Freezing drizzle this morning; high-wind warning for the afternoon: I like most weather, but this sort just seems mean. Poor T didn't get home till 9:30 last night, so he's already tired, and now he has to wake up and drive in this. Ugh.
After work yesterday he went straight to the gallery and spent the evening installing display panels for his photo collective's giant annual auction. So I had a long day by myself. I shoveled snow, worked on class plans, read Swift, Pope, and Johnson. I mailed Christmas boxes. I made jam-filled cookies and read Virginia Woolf. I lolled by the fire and ate a baked potato and a leftover piece of chicken and watched North by Northwest. I baked an extra potato, just in case nobody bothered to feed Tom at the gallery, and when he came home unfed, I was very happy to produce it, along with more leftover chicken, and set him up with a hot dinner, a couch blanket, and a cold beer. I may not be able to improve the weather, but at least I can coddle.

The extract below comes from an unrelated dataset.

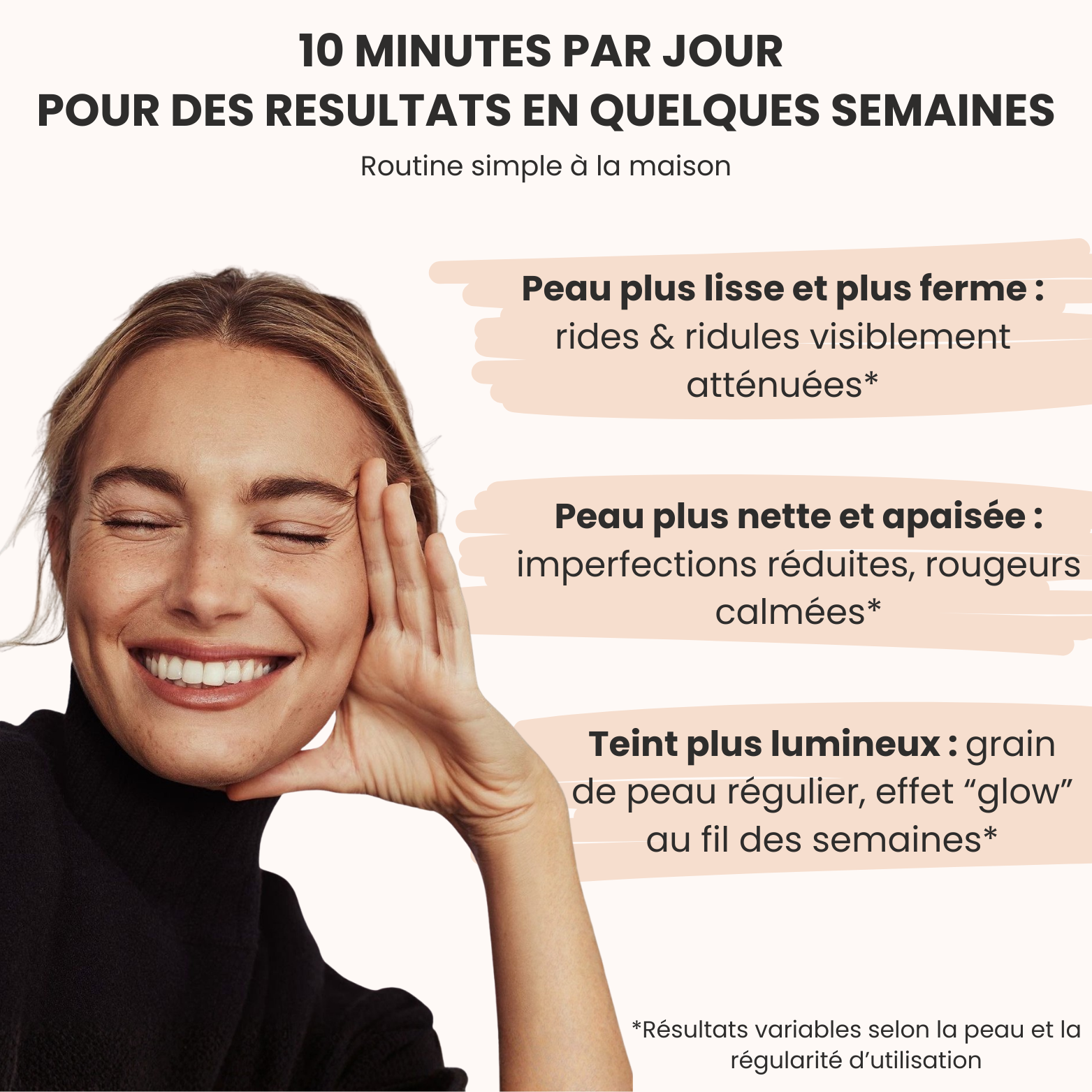 Les premiers effets peuvent apparaître dès 1 mois ou 2 d’utilisation régulière suivant votre type de peau, avec une amélioration progressive au fil du temps.
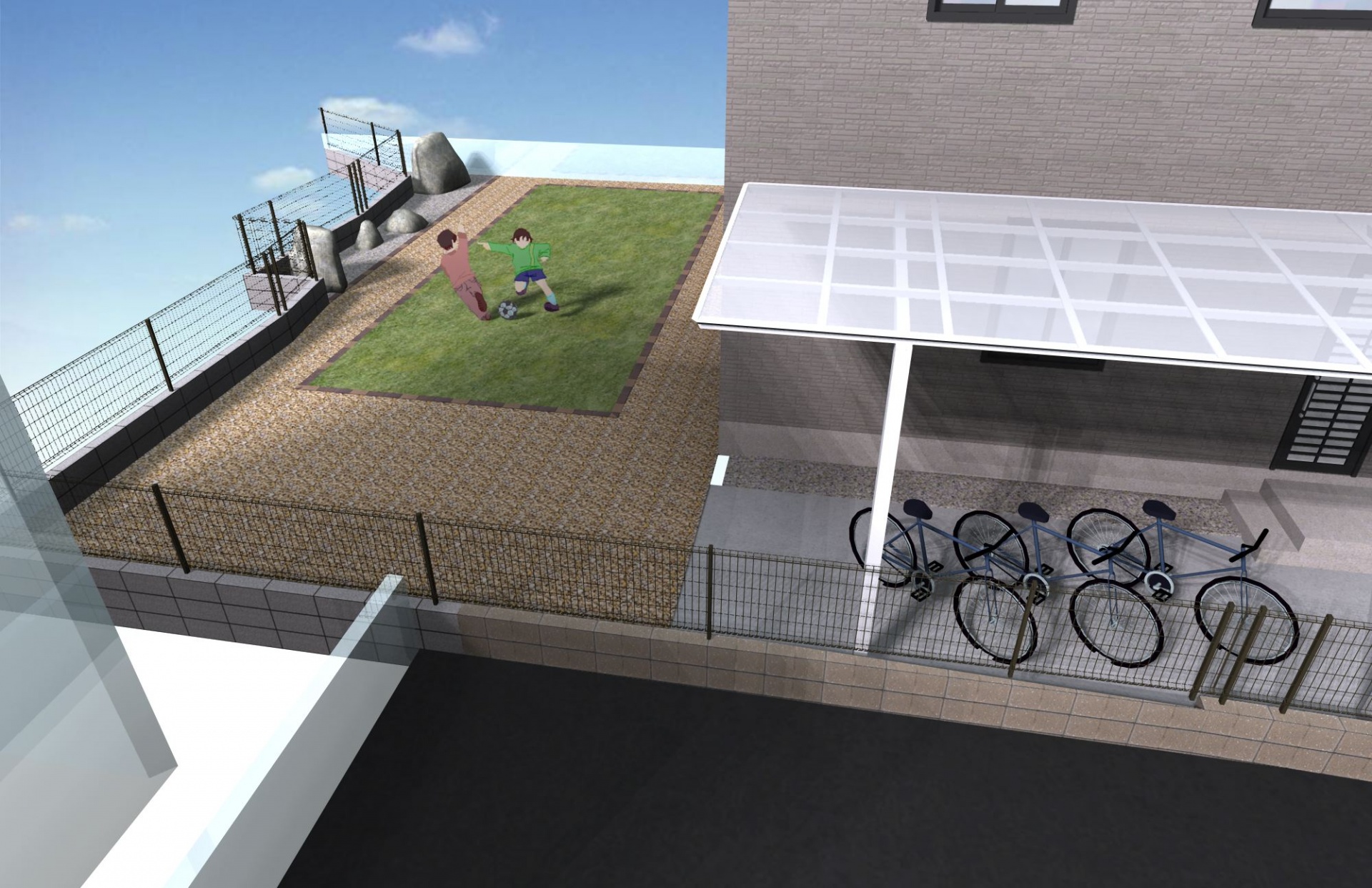 南面のお庭は、サッカーの練習が出来る芝生スペースになります。

This morning I am going out to meet a new person, a mandolin player. I'm not exactly nervous, but I am prepared for failure. Not everyone can endure my playing style; traditional bluegrass musicians can be particularly unbending about it. They think I'm too highfalutin. So we'll see what transpires: maybe nothing, but maybe something. I am prepared for anything.
In the interstices I'll work on class plans, finish the Woolf novel, get onto my mat, make minestrone, haul firewood, work on a poem, fold laundry, take a walk if the streets aren't too icy, maybe make another batch of Christmas cookies, return a library book, pick up a few groceries, stare out the window, wince at the news and then try to focus ever harder on my own work, which is what? . . . cooking? being an affectionate partner? messing around with words? In the air they sound thin and unimportant, but they're all I've got.